Design and implementation of Wireless Packet Level Authentication

Abstract: Secure user authentication, authorization and access control have become the major challenges in any wireless security system, often due to certain wireless network characteristics such as lack of infrastructure, low power availability and mobility. Taking advantage of such network characteristics, an attacker can launch several security attacks like Denial of Service (DoS) attacks, packet spoofing and session hijacking attacks. Packet Level Authentication (PLA) provides an elegant network level solution to the aforementioned attacks by allowing every node in the network to validate the authenticity and integrity of a packet without any prior contact with the originator of the packet.
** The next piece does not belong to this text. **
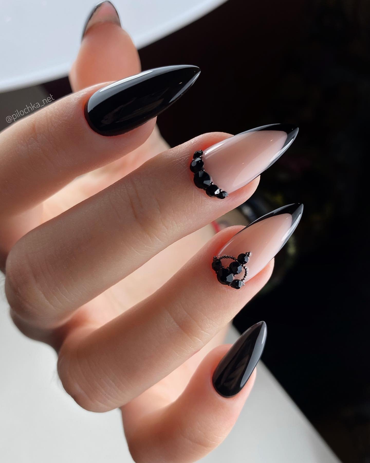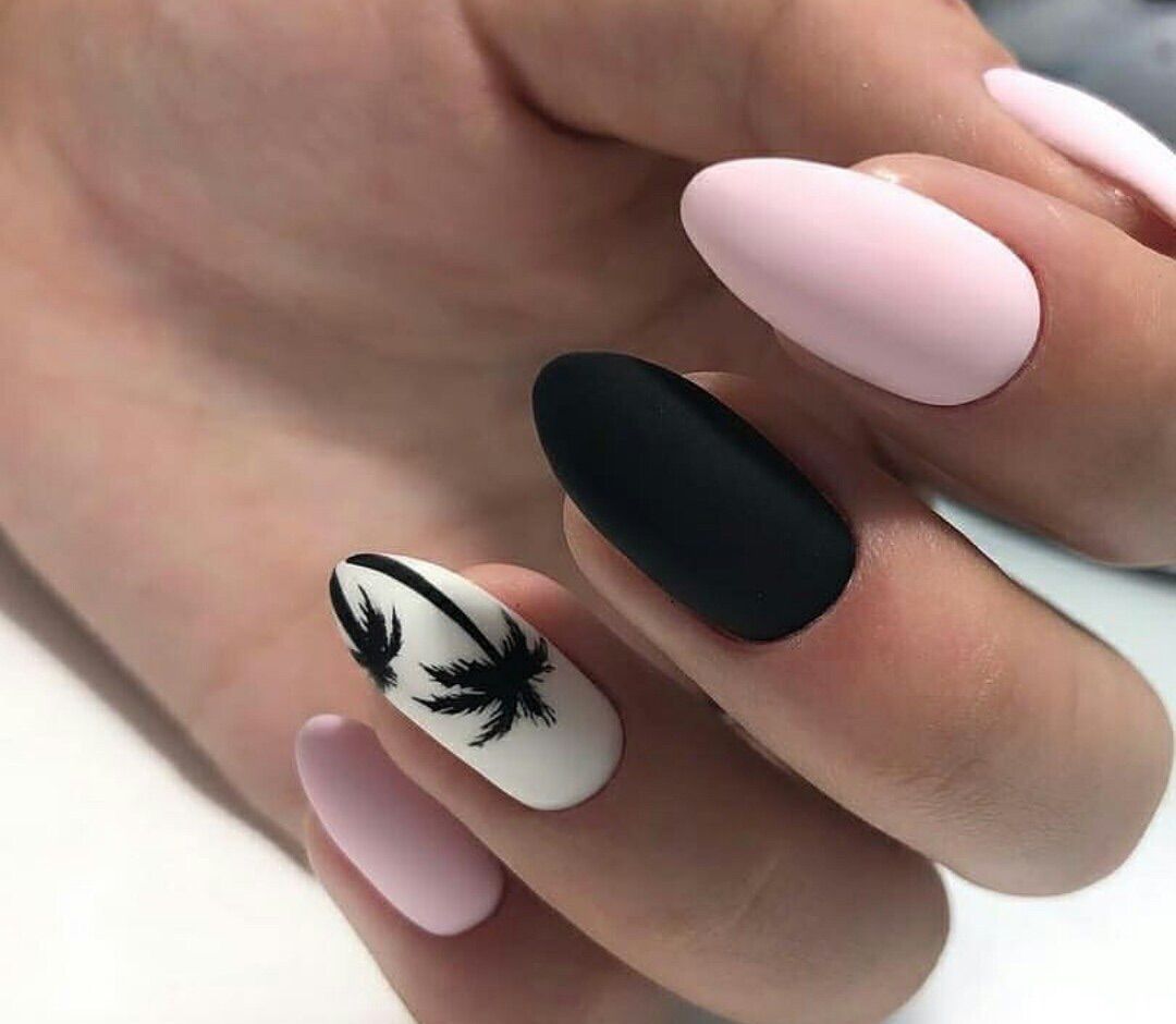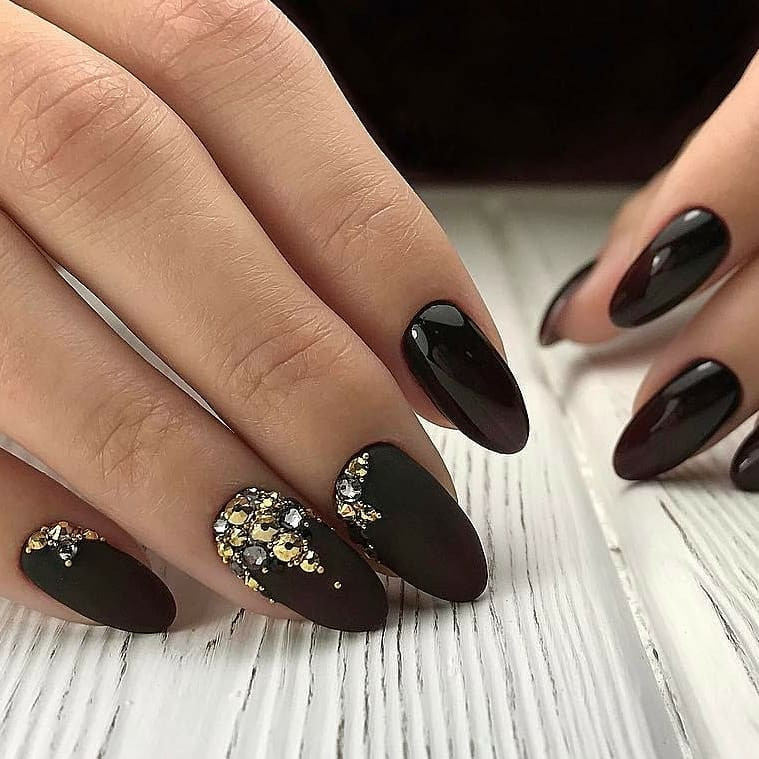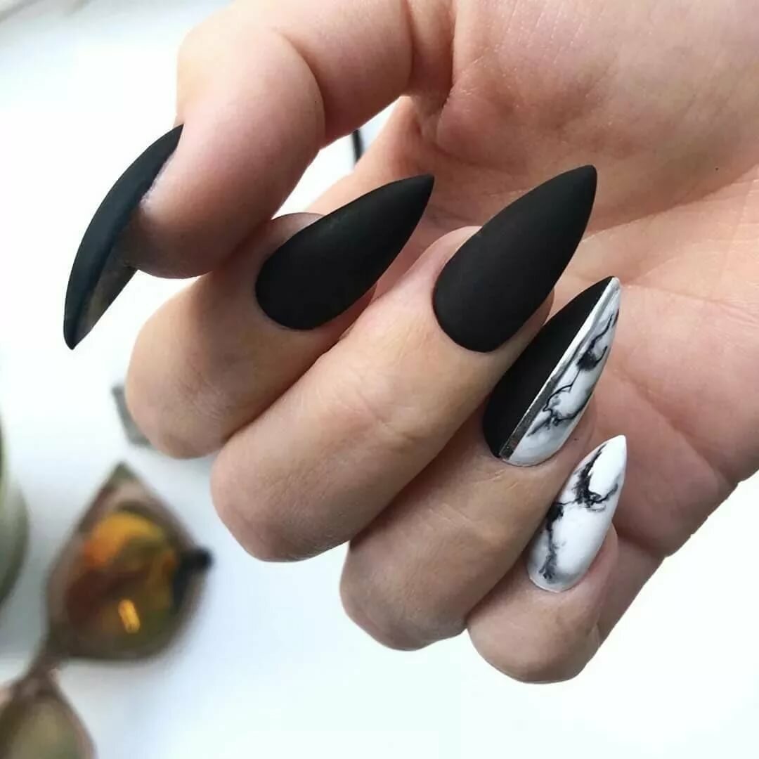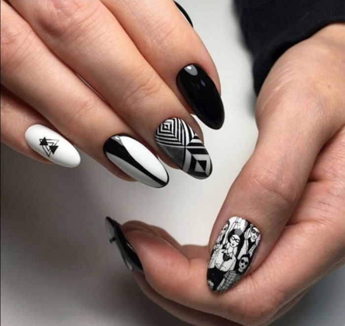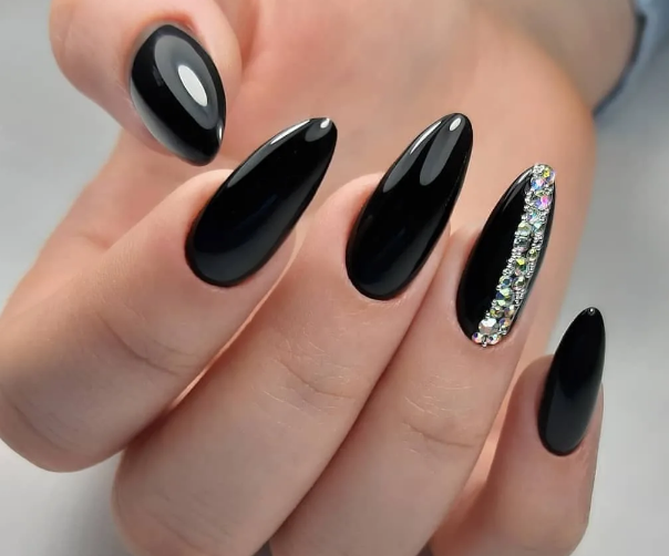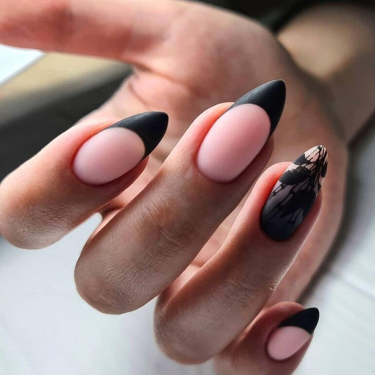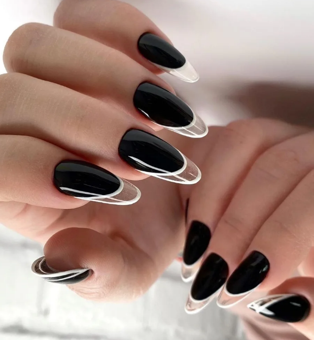 Миндалевидные ноготки — женственно и романтично. Многим кажется, что для такой формы не очень подходит мрачный лак черного оттенка. Это не так. Но если вы сторонница такого мнения, просто используйте различные сочетания цветов. Например, классическое — черный с белым, черный с красным, розовым, голубым, серебром или золотом. Несомненный плюс черного лака в его универсальности. Это цвет-база, который может сочетаться с самыми смелыми и необычными цветами. И от этого маникюр только выигрывает.

The cornerstone of PLA is public key cryptography based digital signature which is added do every outgoing packet by the packet originator. Therefore, signature generation and verification schemes of PLA become infeasible in resource-constrained devices if dedicated hardware accelerator is not used. In this thesis, we present Wireless Packet Level Authentication (WPLA) that extends PLA to offer an adaptive hop-by-hop signature verification scheme. WPLA includes a lightweight signature verification approach for resource-constrained devices while retaining the public key cryptography based signature verification scheme for strong authentication. Furthermore, to ensure end-to-end data confidentiality over the unsecured channels, we integrate a symmetric encryption scheme along with secret key generation and distribution process. Finally, we implement the proposed solution and evaluate the performance of our implementation.